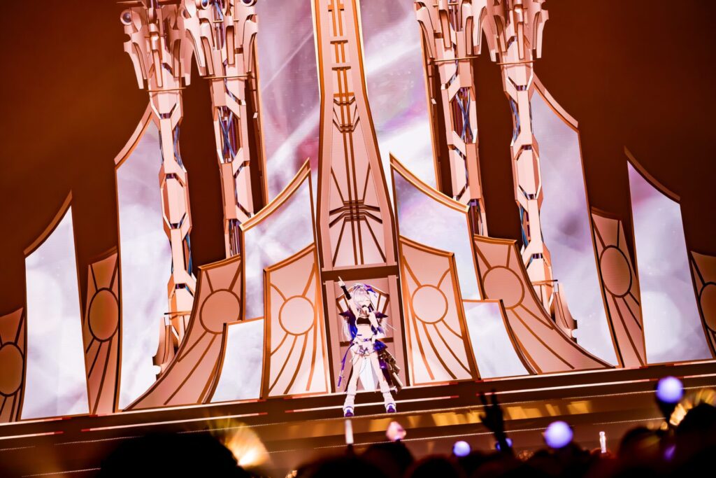 伝説の一夜、その幕開けを彩ったのは、Giga&TeddyLoidのタッグが手掛けたハードなアップチューン「Knock it out!」。通常衣装で登場したかなただったが、間奏中ピストルで上空を撃ち抜くと、カラーライズ衣装へ切り替え。ステージセットにも変化があり、上部から天界の扉が降りてきたかと思えば、巨大な白い翼を広げた。ひらひらと羽が舞い落ちる幻想的なステージで、かなたは挨拶代わりとばかりに、見事なロングトーンを響かせた。
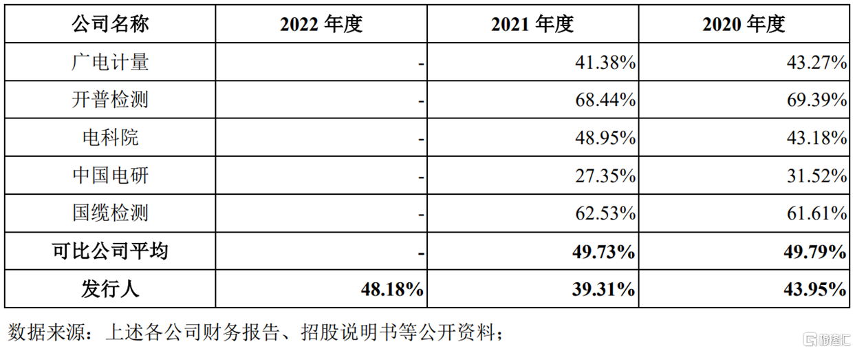 报告期内,公司综合毛利率分别为43.95%、39.31%和48.18%,呈现先降后升的态势,主要受下游市场需求、检测服务成本及技术先进性水平等多种因素影响,其中2020年、2021年均低于可比上市公司的均值水平。
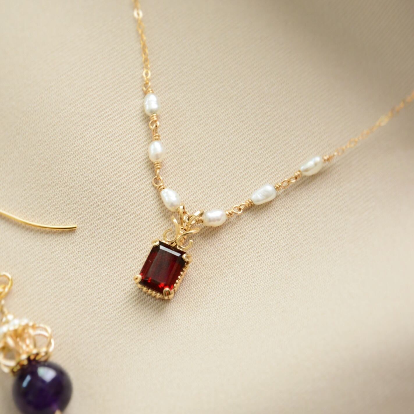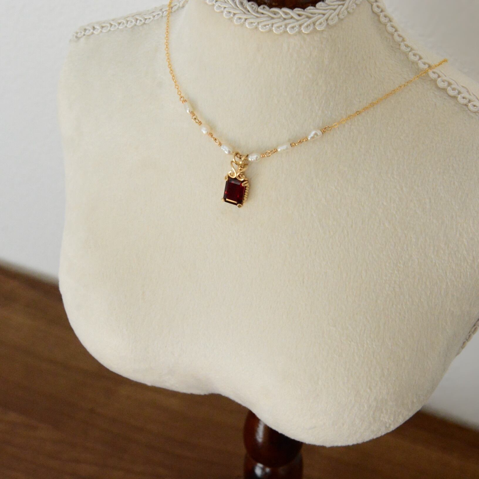 深みのある美しい赤色が魅力のモザンビーク産ガーネットに、やさしい輝きの淡水パールを添えたアンティーク調ペンダント。
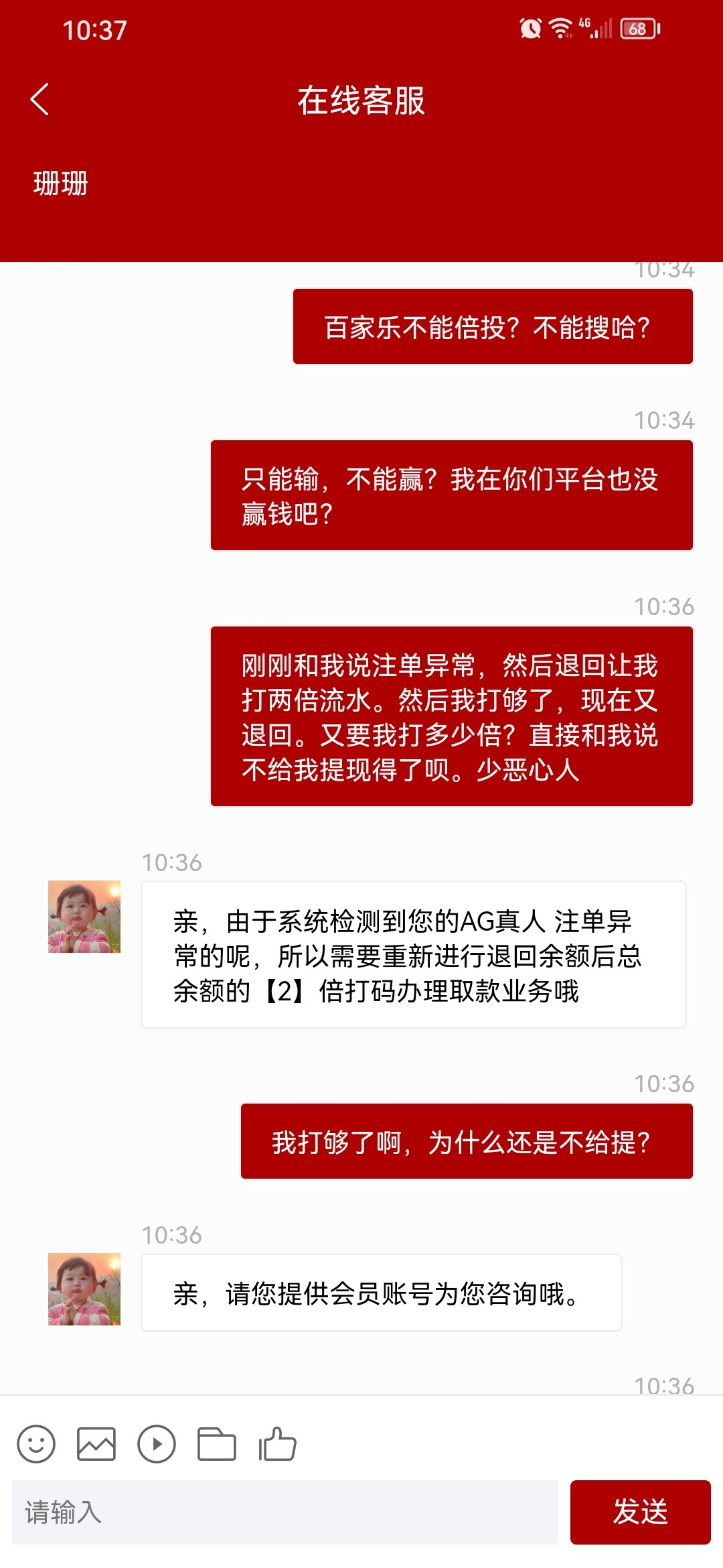 哈哈,又罚3倍流水。畜牲990老会员,玩了一年多打码几十万。这样恶心人
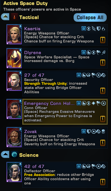 The Emergency Conn Hologram is obtained from the Pheonix Store with a token. This duty officer allows for a resetting of Evasive Manoeuvres by clicking EPtE. This is important to travelling around the map quickly.
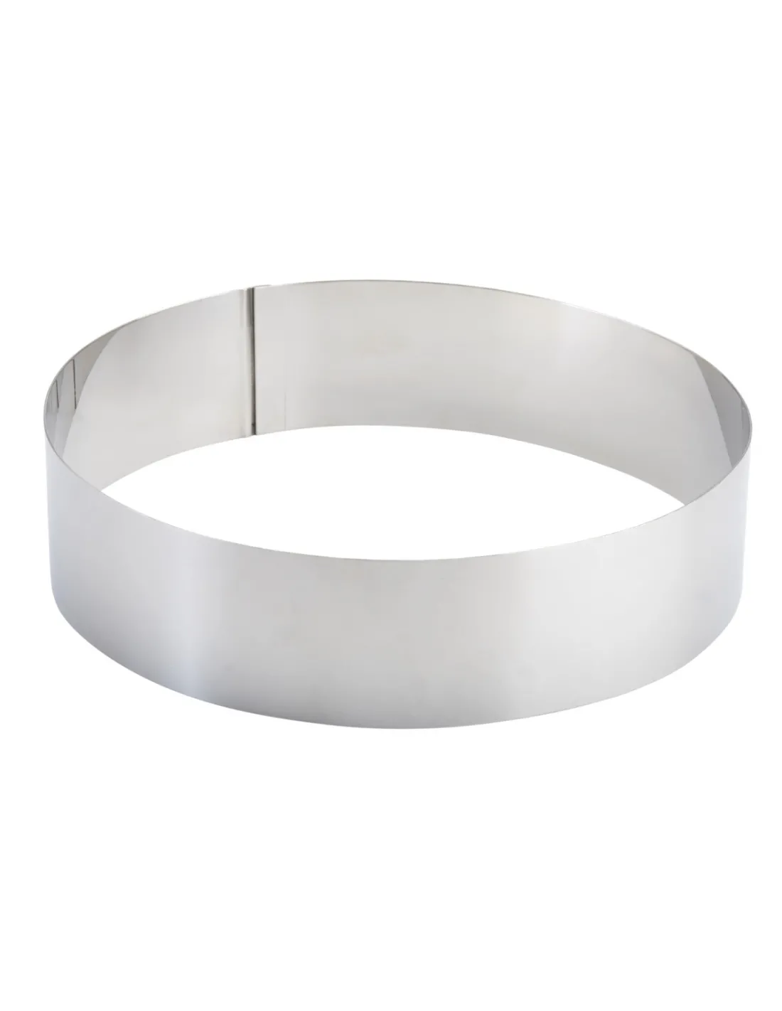 Altura adecuada para alternar capas de masa de bizcocho, merengues y helado al preparar un vacherin. Aro de acero inoxidable sin revestimiento, diámetro de 24 cm y altura de 6 cm.
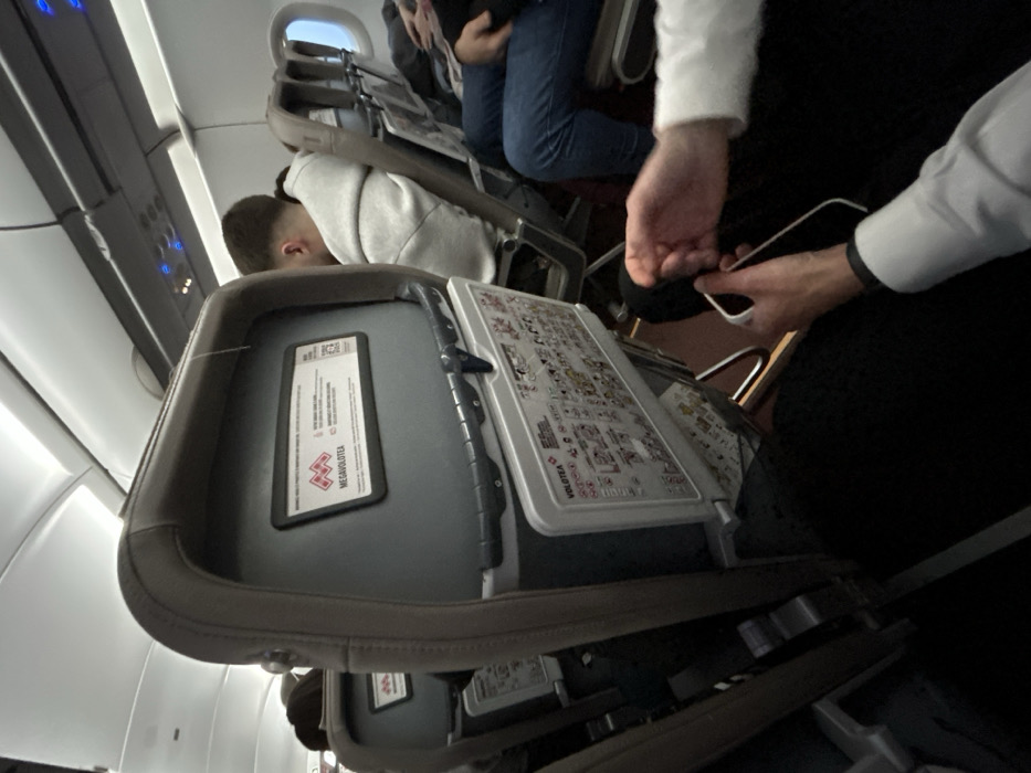 An airplane interior is shown with seats, seatbacks, and tray tables
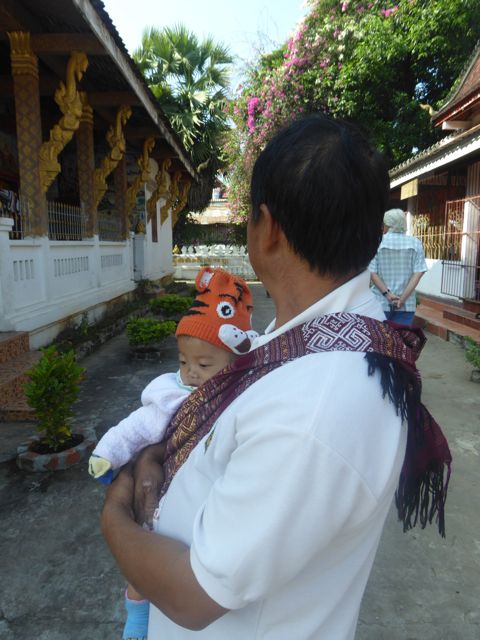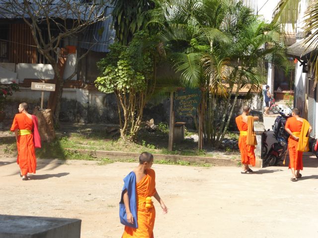 Auf dem Weg zum Fluss (=kaltes Beer Lao) kommen wir noch an einem Tempel vorbei, aus dem unzählige Mönchen strömen. Wohl eine Schule oder so… Wir gucken, wir staunen, wir sind begeistert.
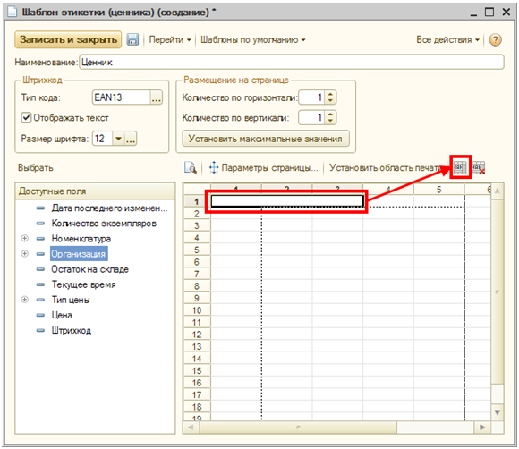 Теперь для расчета количества ценников заданного шаблона, помещающихся на листе по горизонтали и по вертикали, можно воспользоваться кнопкой «Установить максимальные значения». После этого необходимо сохранить созданный шаблон.
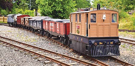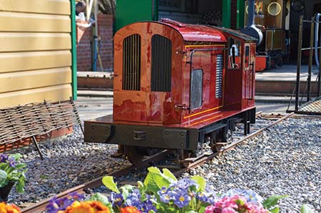 ‘Alice’ is a 10 ¼in. gauge model of the small 2ft gauge Bagnall locomotives supplied to many quarries, factories and construction companies in the early 20th century. She is built to a scale of 5 inches to the foot, producing a very powerful locomotive of just under half full size.
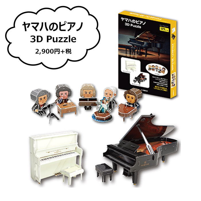 『ヤマハのピアノ 3D Puzzle』が入荷‼️ 組み立てて楽しい、読んで役立つ🎵 『#ヤマハのピアノ 3D Puzzle』が入荷‼️ ヤマハのピアノが3Dパズル(模型)になりました✨ 厚紙からパーツを取り外して組み立てるピアノ&作曲家5人の立体パズル。ハサミ、のり不要の簡単177ピースです🧩 学習要素として入っている作曲家5人の学習カードも嬉しい🤗
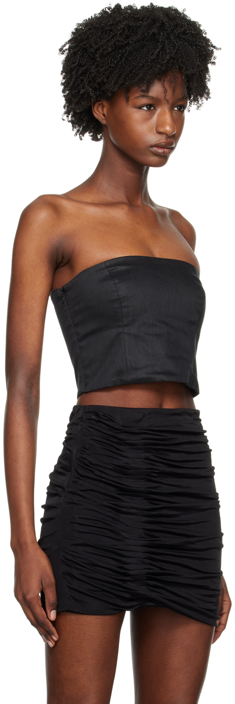 Черный топ-труба Lica. Топ-труба из эластичной льняной и вискозной саржи. Косточки по всей длине. Прямой вырез. Застежка-молния на боковом шве. Полностью атласная подкладка. Цвет поставщика: черный. Состав: 61% лен, 36% вискоза, 3% эластан. Подкладка: 65% акрил, 35% полиэстер. Сделано в Португалии.
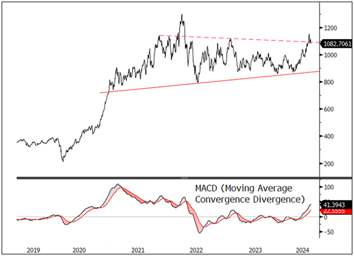 Source: Bloomberg. Nasdaq Sprott Energy Transition Materials Index. Data as of 5/31/2024. Moving average convergence/divergence is a trend-following momentum indicator that shows the relationship between two exponential moving averages (EMAs), calculated by subtracting the 26-period EMA from the 12-period EMA. Included for illustrative purposes only. Past performance is no guarantee of future results.
-------
Copy needed, without pictures: the lines of the listing above from the line containing "报告期内,公司综合毛利率分别" up to and including the line containing "哈哈,又罚3倍流水。畜牲990老会员,玩了一年多打码几十万。这样恶心人", set down exactly.

SOLUTION FOR THIS TASK:
 报告期内,公司综合毛利率分别为43.95%、39.31%和48.18%,呈现先降后升的态势,主要受下游市场需求、检测服务成本及技术先进性水平等多种因素影响,其中2020年、2021年均低于可比上市公司的均值水平。
 深みのある美しい赤色が魅力のモザンビーク産ガーネットに、やさしい輝きの淡水パールを添えたアンティーク調ペンダント。
 哈哈,又罚3倍流水。畜牲990老会员,玩了一年多打码几十万。这样恶心人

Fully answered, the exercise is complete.